Plus précisément, en temps de crise pandémique, les marques doivent :

- s'assurer que leurs fournisseurs suivent les exigences ou recommandations de leur gouvernement concernant la suspension des grands rassemblements et, si nécessaire, ferment leurs usines pour la durée appropriée afin de protéger la santé des travailleur.euse.s et de leurs communautés, tout en maintenant tous les contrats des travailleurs et le paiement de leurs salaires réguliers complets; "Si les travailleur.euse.s sont licencié.e.s, les marques devraient assurer des paiements immédiats aux usines afin que les travailleurs reçoivent la totalité de leurs indemnités de licenciement légales." Kalpona Akter, présidente de la Fédération des travailleurs de l'industrie de l'habillement du Bangladesh. 

- veiller à ce que les personnes qui sont renvoyées chez elles par manque de travail soient indemnisées à hauteur de leur salaire normal ; Les travailleurs devraient être autorisés à rester chez eux jusqu'à ce que la situation soit gérable - et les marques doivent s'assurer qu'ils reçoivent leur salaire régulier, leur prime de présence et leur allocation de chambre/transport pendant cette période." Tola Moeun, directeur exécutif du Centre pour l'alliance du travail et des droits de l'homme (CENTRAL). 

- veiller à ce que les travailleur.euse.s qui contractent le virus, ou qui soupçonnent qu'ils en sont porteurs, puissent prendre un congé de maladie sans répercussion négative et soient indemnisé.e.s à hauteur de leur salaire normal pendant la période de rétablissement et d'auto-isolement;

"Les marques doivent se tenir aux côtés des travailleur.euses qui confectionnent leurs vêtements et prendre des mesures actives pour s'assurer qu'ils/elles continuent de percevoir leur salaire pendant la fermeture de l'usine ou les congés de maladie."

 

 

- veiller à ce que, lors de la réouverture des usines, les délais de commande soient réévalués afin d'éviter que les travailleureuse.s ne fassent des heures supplémentaires obligatoires pour rattraper les retards ;

- veiller à ce que les mesures de lutte contre le virus ne restreignent pas indûment la liberté de circulation des travailleur.euse.s ou leur liberté d’association;

 - veiller à ce que les travailleur.euse.s de leurs fournisseurs reçoivent des informations précises et actuelles de la part de leurs employeurs.

CONCLUSIONS

La crise du coronavirus révèle pour certains les risques liés à la dépendance de nos économies vis-à-vis de filières d’approvisionnement lointaines.

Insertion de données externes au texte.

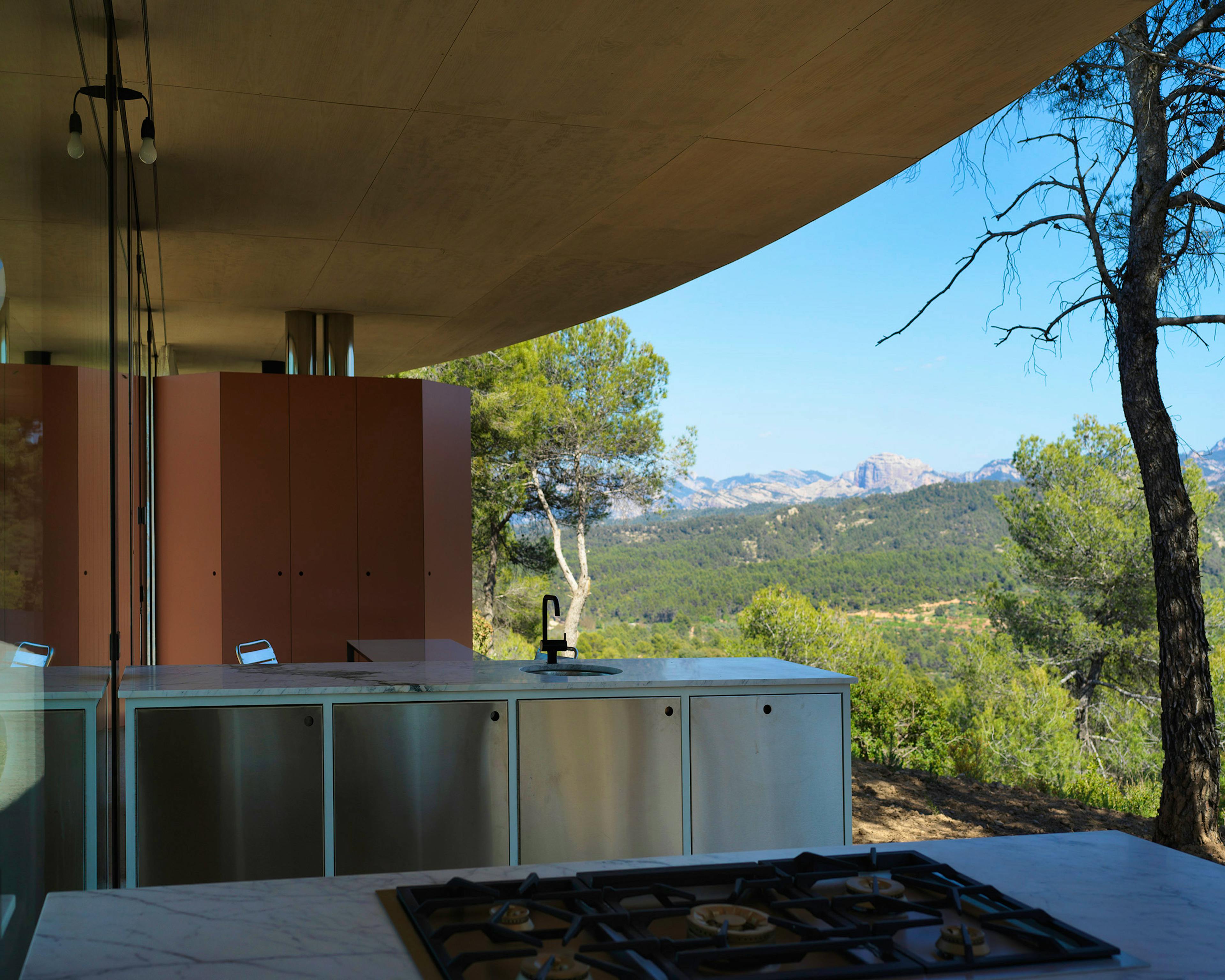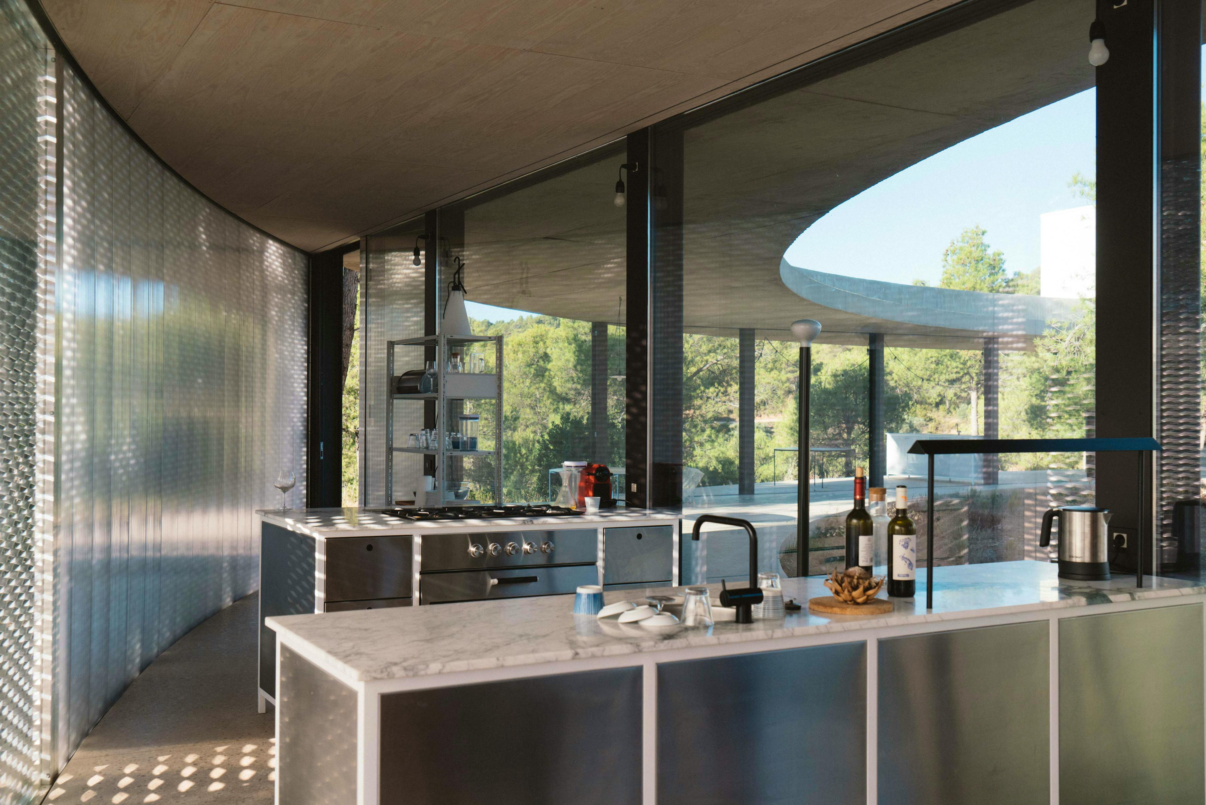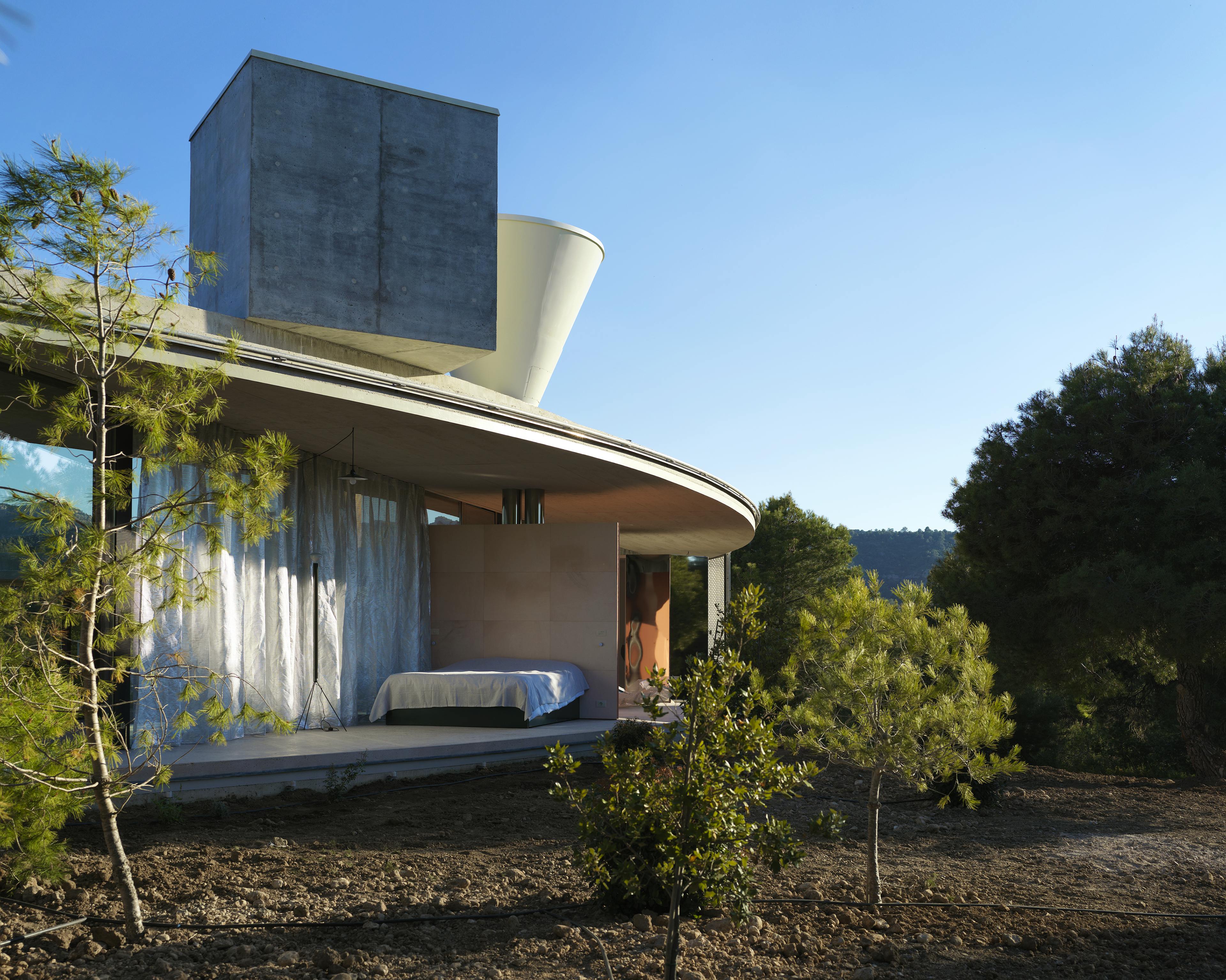 Solo Office KGDVS is a luxurious getaway in a beautiful Spanish forest. This modern, stylish holiday home complements its beautiful natural surroundings nicely offering guests a peaceful and relaxing stay. The circular building in the mountainous region of Matarrana flows around a large courtyard garden with a swimming pool. With spectacular views across the nature reserve on which the property is located, there is a real sense of bringing the outside in. All of the metal facades which encase Solo Office KGDVS can be fully opened to reveal the landscape beyond in all its glory. Inside the clever design and architecture has used the support posts to separate the bedroom and living areas from each other. While the sleeping quarters can be closed off, the rest of the house is open to its surroundings. The holiday home sleeps six guests across three stylish and sleek bedrooms. Minimalist in their design, each has a king size bed and storage. They have been constructed to act as their own private houses, with a bathroom with tub and seated section included. The fourth enclosed space is home to the fully equipped kitchen and dining area. The intersecting communal areas are created to be fluid with their surroundings, with the contemporary furnishings of the dining table and chairs, loungers, and other seating able to be moved from inside to out with minimal effort. With the house effectively being off-grid it is also self-sufficient. Solar panels supply the heating and electricity, while water is collected on the roof and then purified through a filtration system and stored in tanks. It is a truly unique design and the brainchild of French developer, Christian Bourdais - who works with a new wave of young and inspiring architects. The surrounding area, known as the Tuscany of Spain, offers many opportunities for hiking, cycling, and generally exploring. However, Solo Office KGDVS is also only two hours from Barcelona. Spain’s second city and the capital of Catalonia, it is a buzzing metropolis bursting with culture and things to do. Stroll along Las Ramblas, sunbathe on the beaches, and take in the glory of Sagrada Familia. With 20 Michelin stars in the city, there are also endless opportunities for great eating and drinking.

Elle semble plaider pour une relocalisation de la production. Mais plutôt que la distance, la menace ne vient-elle pas du manque de transparence des filières d’approvisionnement ? Et la gravité de ses conséquences n’est-elle pas liée à l’absence de règles qui permettent aux marques et enseignes, notamment européennes, de s’approvisionner à des prix dérisoires ne permettant pas aux travailleur.euse.s de bénéficier d’une protection sociale ni aux Etats de construire un système sanitaire digne de ce nom ?

La crise actuelle nous invite en tout cas à une profonde remise en cause du modèle d’affaires tel que mis en place dans l’industrie mondialisée de l’habillement depuis les années ’70.  

Externalisation de la production dans des pays à bas salaires sans responsabilité du donneur d’ordre sur les conséquences de ses pratiques accroissent la vulnérabilité des travailleur.euse.s concernées face notamment au coronavirus, que ce soit au Bangladesh, Cambodge, Myanmar, ou au sein de l’Union européenne, en Roumanie, Bulgarie ou Macédoine du Nord par exemple.